A look at Covid-19 funding, UK university woes, and EU cash collections

Focus on funding: Our Funding Insight team look into how the pandemic has revealed Africa’s enhanced research capacity but may threaten international funding, speak to Norwegian researchers about how to get rapid clinical trials off the ground, and take a look at a modern languages project tracking the coronavirus pandemic.


 

UK
Universities will be forced to set budgets “in the dark” in the absence of a more comprehensive support package from the government, shadow universities minister Emma Hardy has warned in an open letter to students and staff, published exclusively on Research Professional News on 6 May

UK Research and Innovation has signed a joint statement committing to the rapid and widespread sharing of research data and findings relevant to the Covid-19 pandemic.

Four unions are demanding the scrapping of tuition fees for all student nurses, which they say have left the nursing workforce with “one arm effectively tied behind its back” during the pandemic.

Europe
Research leaders have welcomed the success of a global fundraising drive for Covid-19 R&D, which has raised $8 billion for work on vaccines, diagnostic tests and therapeutics, and moves to make them accessible and affordable worldwide.

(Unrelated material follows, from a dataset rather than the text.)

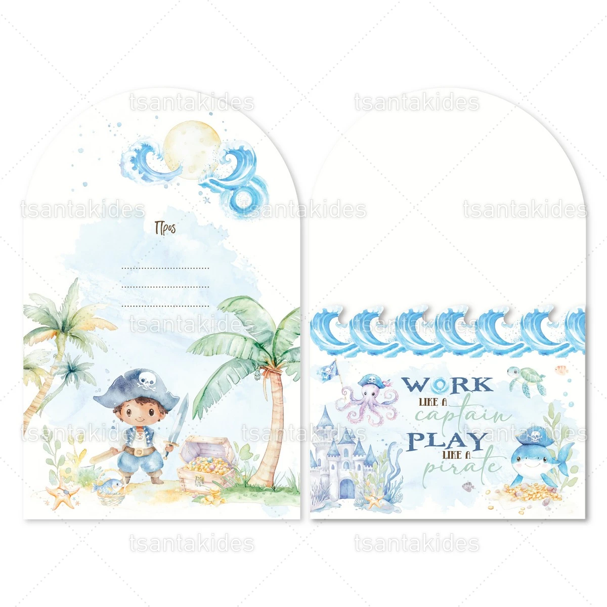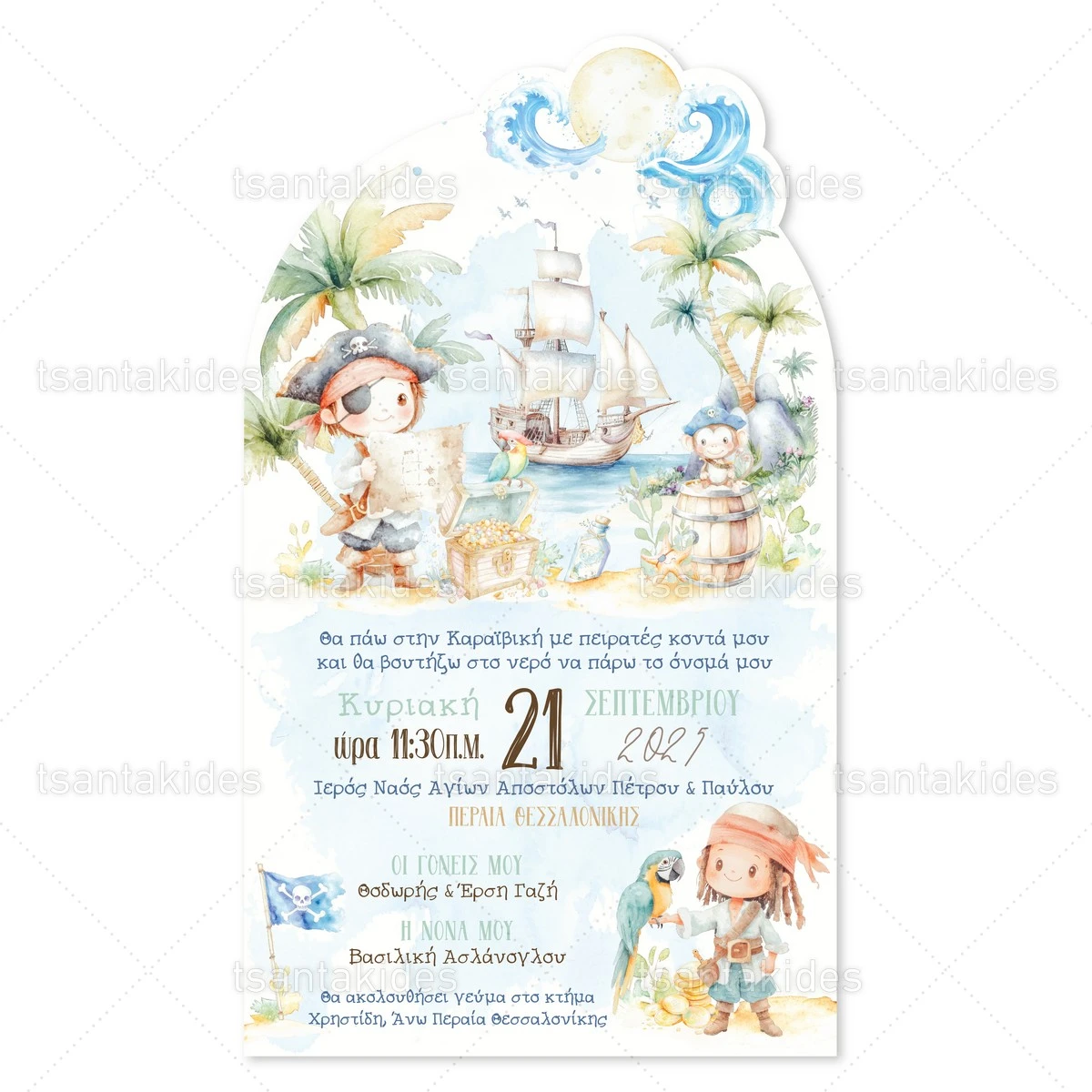Προσκλητήριο βάπτισης για αγόρι εκτυπωμένο με θέμα Pirates Adventure

The European Commission’s plan to steer EU member states’ research and innovation on Covid-19 “lacks a clear international dimension”, an influential advisory committee has said. World-renowned Belgian virologist Peter Piot has been appointed special adviser on Covid-19 to the president of the European Commission, Ursula von der Leyen.

The head of the health network of the European Institute of Innovation and Technology has said he is “frustrated” that the EIT has received no additional funding in response to the Covid-19 pandemic, despite a similar EU funder being showered with extra money.

Africa
Some research activities are taking place in locked-down South Africa, with permits offered for essential business on a case-by-case basis. But as the lockdown levels lift it’s unclear what qualifies and when urgent research can start again—and scientists whose work is time-sensitive are getting desperate.

South Africa’s higher education minister has admitted that half the country’s universities might not finish the 2020 academic year.